1. Field of the Invention
Safety telephone is one of the commonly used emergency devices in an effort to improve safety for seniors and to promote independent living as much as possible at home, as well as in various types of nursing homes. A safety phone system comprises generally a bracelet or a necklace, provided with an alarm button. The button includes a small short-range radio transmitter for transmitting an emergency message to a base station present in the residence. The base station is connected to a telephone network and it transmits the button-sent emergency message further to a receiver. The receiver is generally an emergency exchange, which includes computer equipment for receiving alarms and messages coming from base stations over a telephone network. The alarm can also be transmitted as a voicegram or the like, for example to home attendants' mobile phones. After receiving an alarm, the receiver can place a call to the participant who has activated the alarm. The voice link can be established over the base station's speaker phone in case the participant him/herself is unable to answer the call.
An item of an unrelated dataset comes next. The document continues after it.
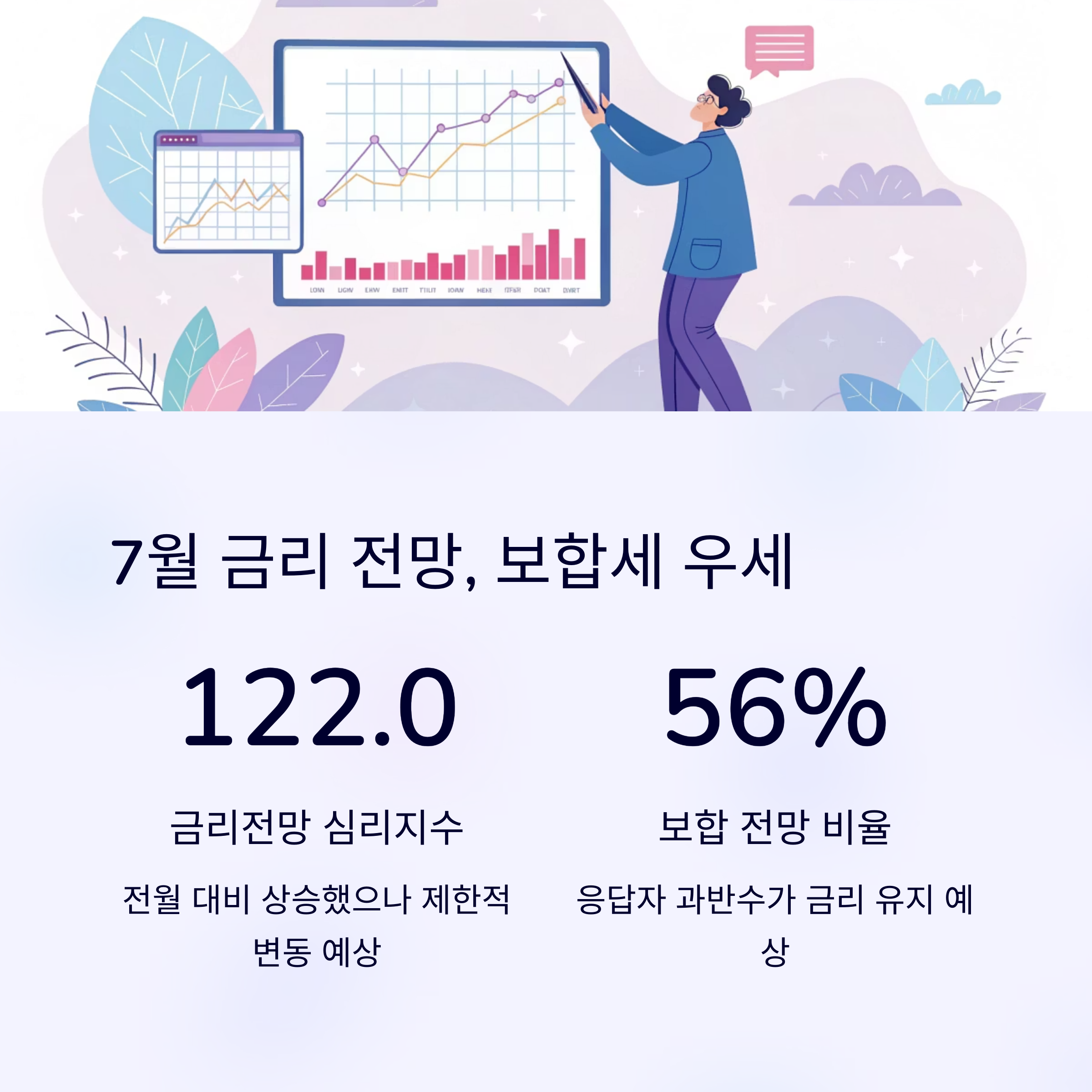 7월 채권시장 금리전망 심리지수는 122.0으로 전월보다 상승했지만,

2. Description of Related Art
One of the major shortcomings in available safety phone systems is that the participant is often forgetful of wearing the button, which may be a bracelet or a necklace. In a sudden emergency, for example when an elderly person falls, the alarm device is not accessible in this case. According to a British study, 27-40% of those using a safety telephone do not wear an alarm device at all or only wear it randomly [Porteus J., Brownsell S. Exploring technologies for independent living for older people, Anchor Trust, Oxon, UK, 2000, p. 60]. Thus, it can be estimated that even people in possession of a safety appliance spend in reality more than 30% of their time without the safeguard. Neither has the security service provider a possibility of monitoring use of the device, nor to make sure that clients covered by the service would indeed receive help when they need it.
Another problem results if the bracelet is used for automatic exit surveillance, for example in the case of people with dementia. In IST's Vivago system, the bracelet in possession of an elderly person, which is provided with an emergency button, functions also as an active component in exit surveillance. The bracelet transmits radio messages continuously to base stations. When a person wearing the bracelet, whose exit needs to be discovered, passes close by a base station present next to the door, the bracelet sends to the base station an identifier which is transmitted as an exit surveillance message to the receiver of alarms. It is thereby discovered that the bracelet is located in the proximity of the door. Since messages are sent by the bracelet continuously to base stations, the base station may also transmit to the receiver a disconnection message regarding the absence of bracelet-sent messages, which means that the participant has left his/her residence.
Exit surveillance is based on the supervised person wearing continuously a wirelessly communicating identifier. Thus, the receiver of alarms should also be informed in the event that the participant him/herself has removed the discussed identifier, for example unfastened the bracelet from his/her hand. If the alarm bracelet, functioning as an identifier, is not attached to the hand, exit surveillance is naturally also inoperative.
A third problem relates to wearable instruments measuring physiological signals. These include, for example, aktographs used in sleep analysis and worn around the wrist like a wristwatch, and IST's Vivago bracelet, in which aktography type measuring technology is combined with a safety alarm as described above. These instruments are used for measuring movements of the arm. In aktographs, the measurement data accumulates in the memory of a bracelet, from which it is unpacked after a test period (e.g. 2 weeks) to a PC along a cable. In the Vivago system, the measurement data is transmitted in real time wirelessly by an rf-transmitter from a bracelet to a base station, from which it can be conveyed in various ways to a measurement-data receiving PC for further analysis. The measurement data is processed in the PC for a so-called activity graph, which represents human motion activity. Generally, the activity is studied and analysed over a preceding period of several days in order to discover better for example anomalies in the participant's daily routine or quality of sleep.
If the participant disengages such a device from his/her hand, it is naturally no longer capable of measuring movements of the arm. Such occasions appear as breaks in a measuring signal, but these are impossible to distinguish from the events that the device has ceased to operate for some other reason, like as a result of the battery going flat, a technical defect or the like. If the device transmits data in a wireless manner, no data necessarily accumulates from outside the radio transmitter's range, which also appears as a break in measurement data. Having such instruments firmly attached to the hand is also important for the actual measurement. If the attachment is poor, the measuring signal shall become weaker, affecting the signal-based analysis. For these reasons, it would be highly preferential in the process of analysing measurement data to have knowledge of whether the bracelet has been attached to the hand or whether there is some other reason for the break. The problem applies generally to all wearable instruments used for measuring physiological signals. Regarding the subsequent analysis of measurement data, it is beneficial to know whether the device, and especially the sensor system, has been appropriately attached to the wearer.
The above problems can be eliminated by means of a safety device system of this invention, which has characterizing features as defined in the appended claim 1.